Whether you’re founding a new law firm or expanding a current one, at some point or another, you may need to charge a contingency fee. 

State regulations govern certain aspects of contingency fees. However, there’s still a fair amount of fine-tuning involved in figuring out how much your firm should charge based on your geographic location, practice area, and other considerations.

What is a contingency fee?

If a lawyer successfully represents a client in a civil case and wins a settlement, a percentage of that amount may be paid to the lawyer as a contingency fee. This previously agreed-upon rate provides a strong incentive for the lawyer to win the case. It also allows clients with little or no money to have legal representation.

On the other hand, if the lawyer doesn’t win the case, then neither they nor the client gets paid—and yes, someone still has to foot the bill for the court fees. 

It is important that both the lawyer and the client understand and acknowledge (in writing!) that the contingency fee amount isn’t set by law but is instead negotiable.

Know your local rules

Contingency fee rules vary from state to state. Know your local requirements and check for changes once a year. Lawyers sometimes fail to monitor requirement updates, which over time, can lead to their practices being out of sync with state rules and result in ethics issues. If you’re not sure what the rules are, you can reach out to your local bar association or law society. 

It’s also worth noting that contingency fees apply to civil cases, not criminal ones. 

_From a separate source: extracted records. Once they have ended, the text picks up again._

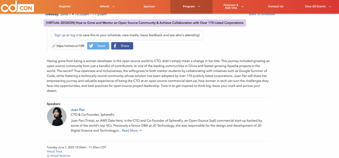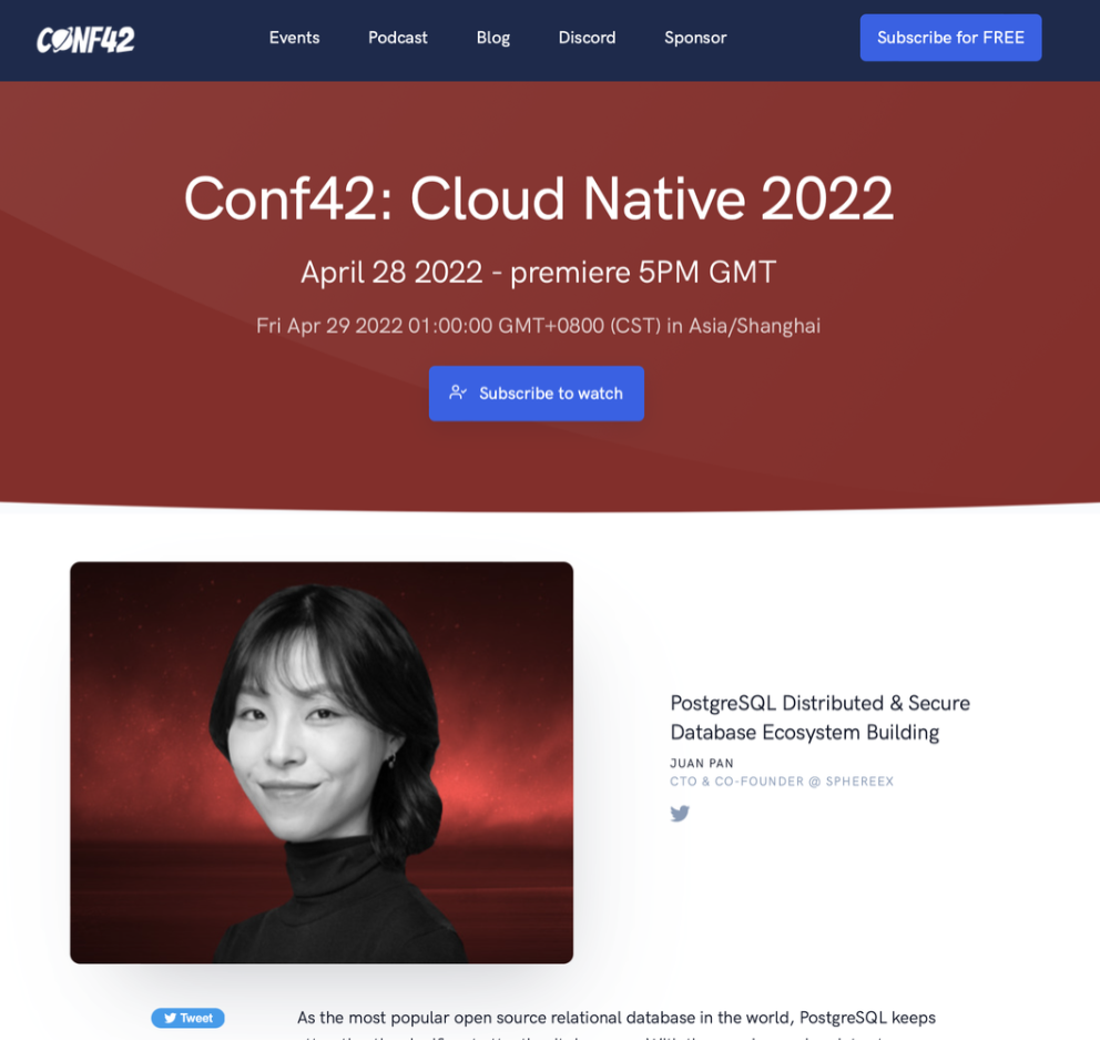 潘娟受邀将于 4 月 28 日参加 Conf42: Cloud Native 2022 大会,与海外开发者分享 Apache ShardingSphere 的技术实践。Conf42 是英国最好的在线技术大会组织,在全球范围内举办出色的技术活动。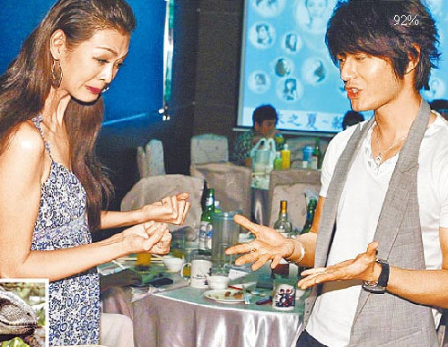 中新網7月23日電 偶像劇《泡沬之夏》前晚舉行殺青酒,演員喝酒high翻天,完全顧不得形象,黃曉明被拱上臺與何潤東(Peter)大跳韓國團體Super Junior的《Sorry,Sorry》,還與林嘉綺劃數(shù)字拳拼酒,她竟不顧名模形象突然露出《侏羅紀公園》里迅猛龍模樣,玩得十分投入。唯一全身而退的是大S,但她也不好過,因拍殺青戲時,她被何潤東撞到脖子扭傷,只能上下動,不能左右動。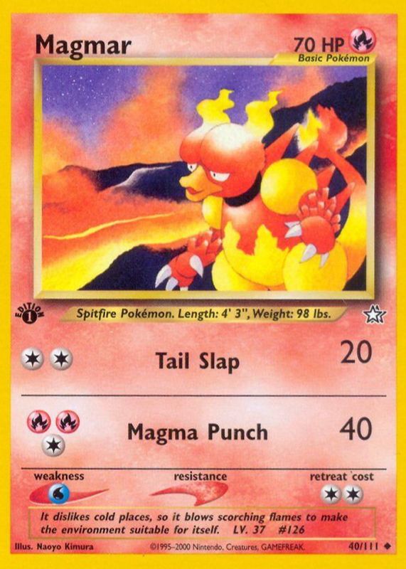 Magmar 2000 Neo Genesis #40/111 1st Edition RAW TCG (NEAR MINT) Price Guide
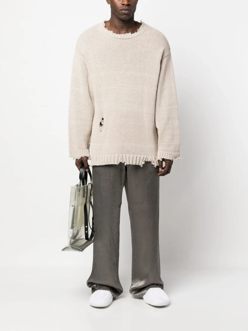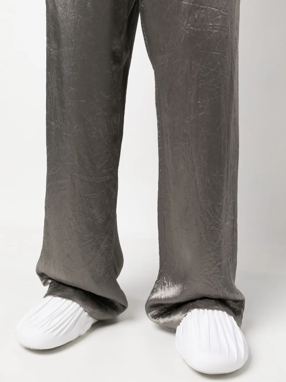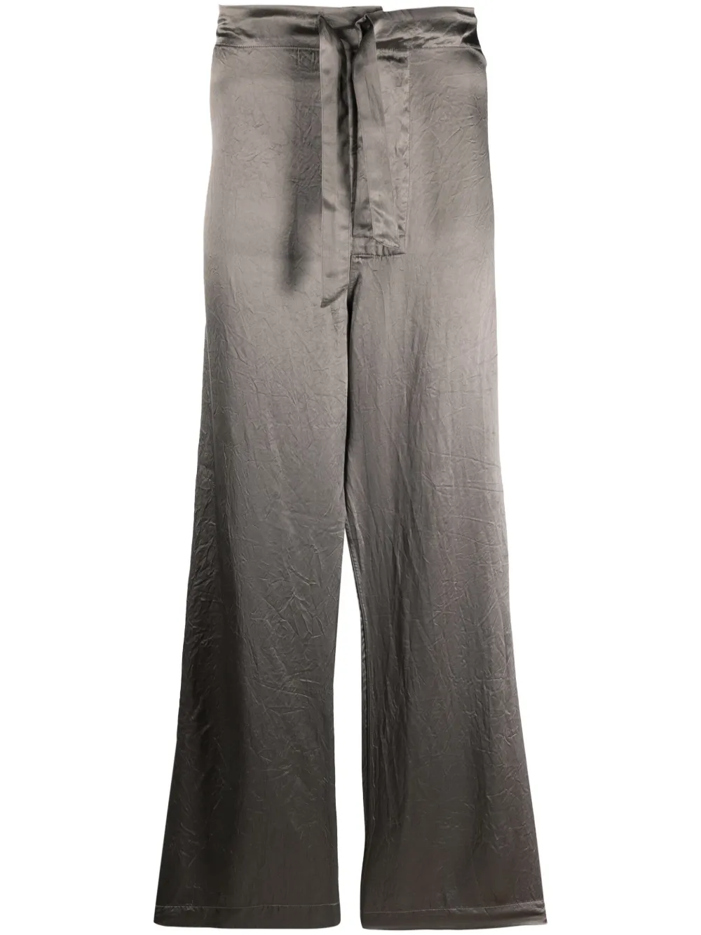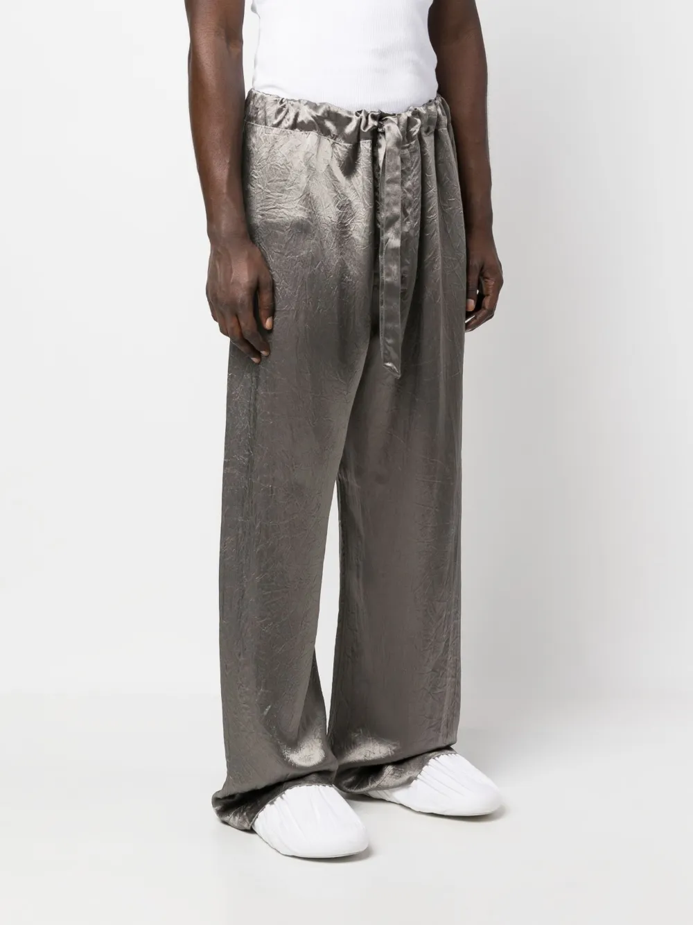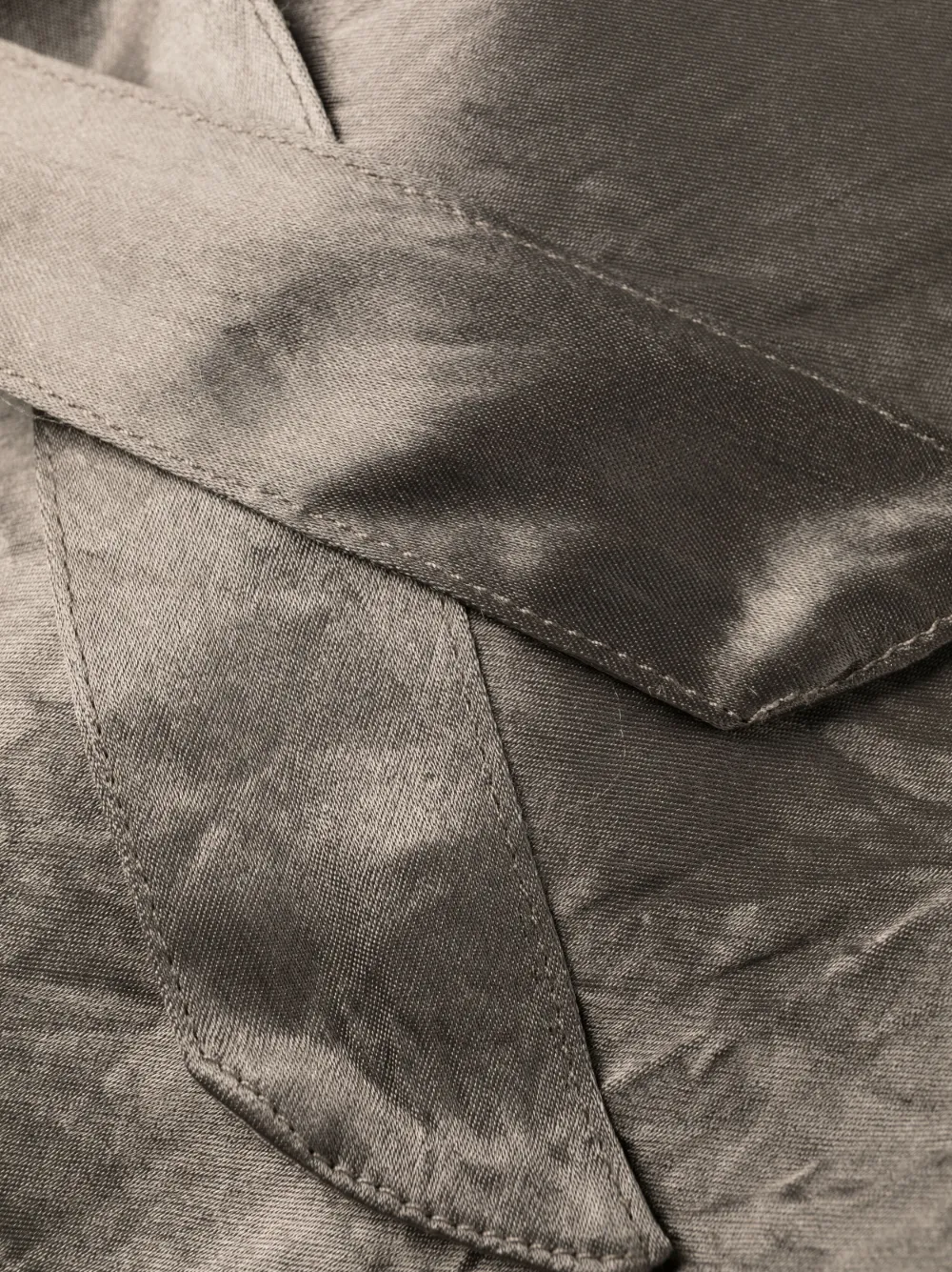 Anthracite, fini satiné, effet froissé, taille mi-haute, lien de resserrage à la taille, coupe ample.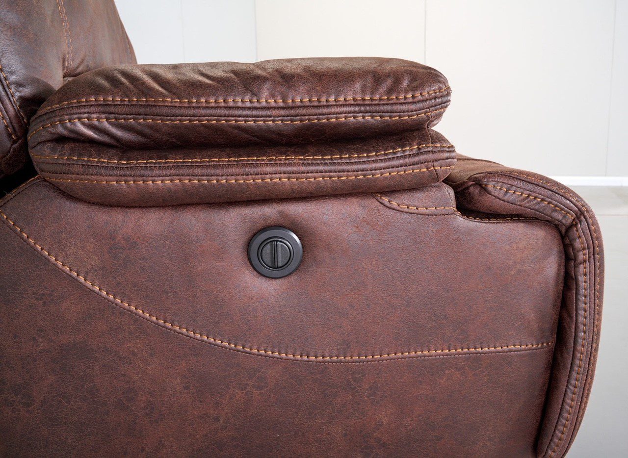 דגם סלאזור מגיע בבד רחיץ ויוקרתי בצבע חום במראה של דמוי עור, בעל ריקליינרים חשמליים למצב גלישה מקסימלי עד למצב שכיבה.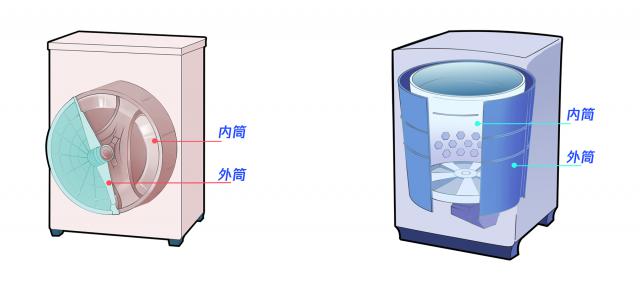 (左图为滚筒洗衣机,右图为波轮洗衣机)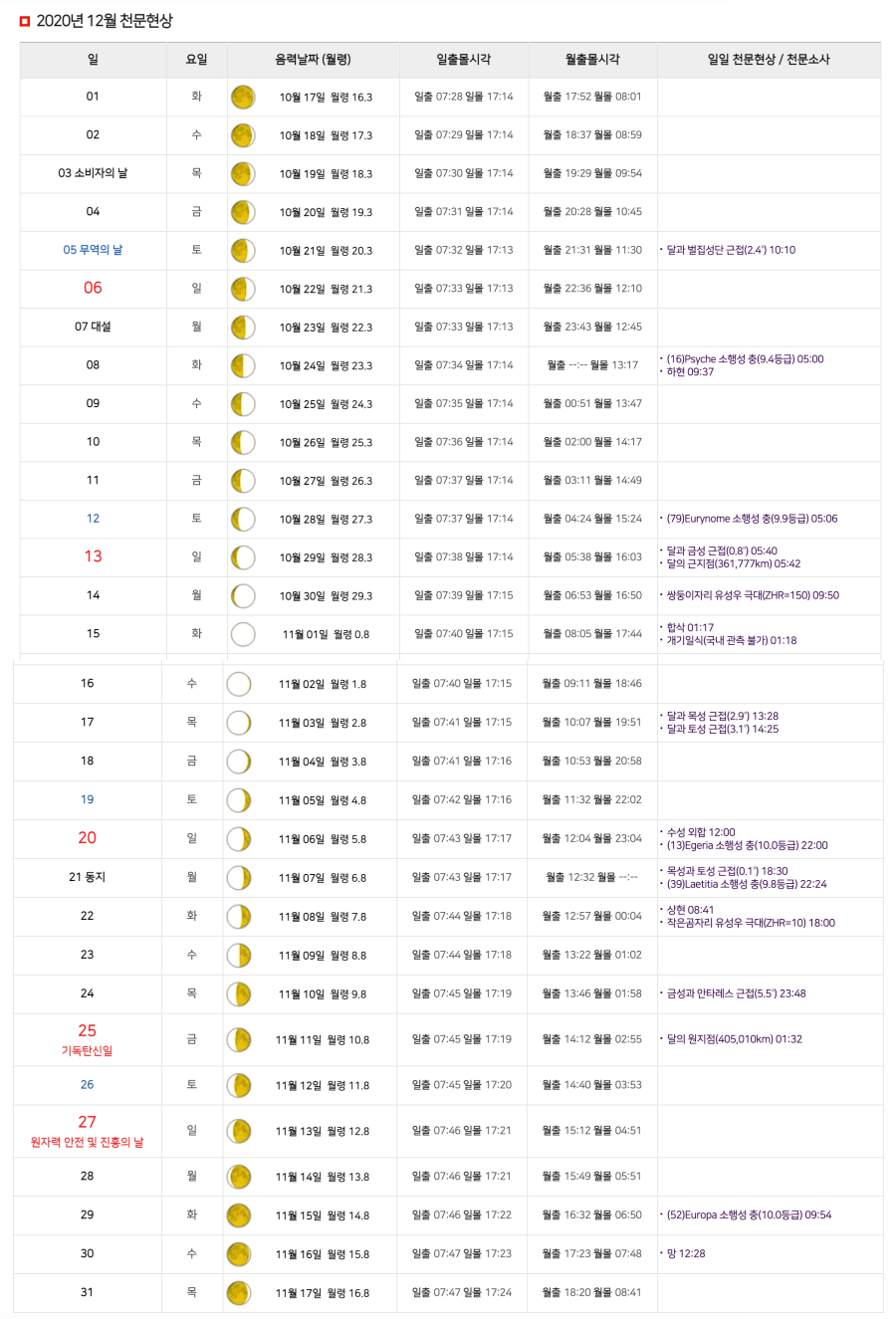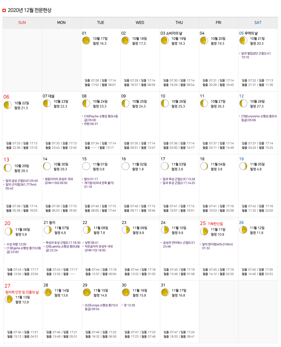2020년 12월 오늘 달 모양은 달력형과 세로형으로 구분해서 올려놓으니 아래 이미지를 참고.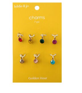 Use these round colorful charms in your next DIY project. In gold there are seven charms in all, each in the same shape. Each charm has a different colored stone in the charm. 7 pieces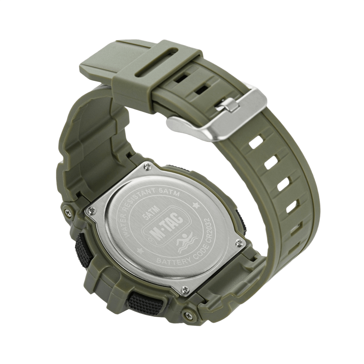 • Bagcover: Stål med markeringer “WATER RESISTANT 5ATM” og “BATTERY CODE CR2032”
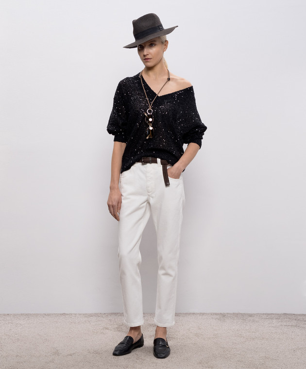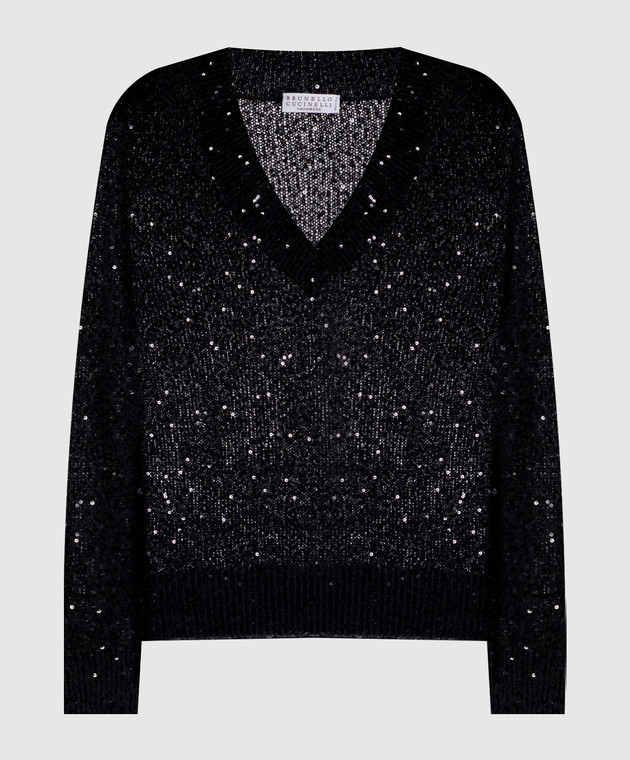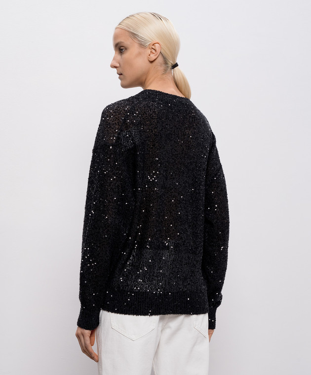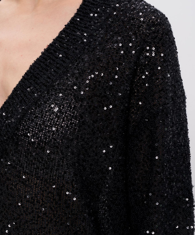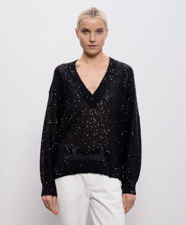 Чорний пуловер з льону, кашеміру та шовку в паєтки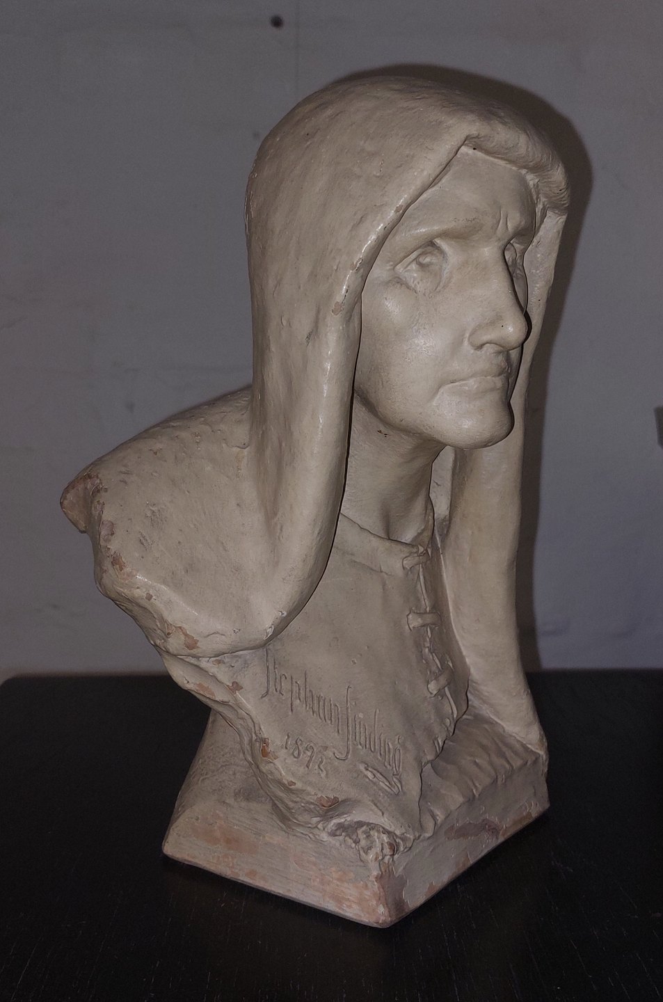 Bemalet Buste af mand udført af billedhuggeren Stephen Sinding i 1896 for L. P. Jørgensen. Formodes fremstillet omkring 1900. H. 26,5 cm

Consult with peers and mentors

In general, if a lawsuit is filed, contingency fees represent 40% of the settlement amount. If a lawsuit is not filed, contingency fees typically account for 33.33% of the settlement.

However, even with those generalities and the guardrails provided by state rules, contingency fees vary by locality and practice area. For the best sense of what your firm should charge, you’ll want to talk with peers and mentors in your area.

It may feel uncomfortable to ask, but some of them were likely once in your shoes. Just keep the conversation professional and let them know that you respect and understand their decision if they don’t feel comfortable disclosing how much they charge.

Stay on top of client agreements

A lawyer getting paid through a contingency fee always runs the risk of a client who, rightly or wrongly, refuses to pay the fee. Clients may even complain to the local bar or law society. 

To protect yourself against this, it’s essential to stay on top of client paperwork, including an Informed Consent Agreement. 

While such paperwork often meant valuable work hours lost to administrative tasks in the past, today’s lawyers don’t have the same excuse. Your practice management system should offer automated document generation tools. Not only does this streamline the entire new client onboarding process, but it also means it’s easy to have an up-to-date, informed consent template for contingency fees. 

When you check your state rules for changes to contingency fee requirements each year, you can make any needed adjustments to the template at that time. You can move forward with peace of mind in knowing that current and accurate legal documents will support you, should a client try not to pay.

Contingency fees and your firm

Ultimately, in addition to general resources and state guidelines, we recommend talking with peers and mentors in your area to determine the correct contingency fee percentage for your firm.

And once you’ve set your fee, don’t forget to use your practice management system to help you keep client documents current so that you are better protected when it comes to getting paid!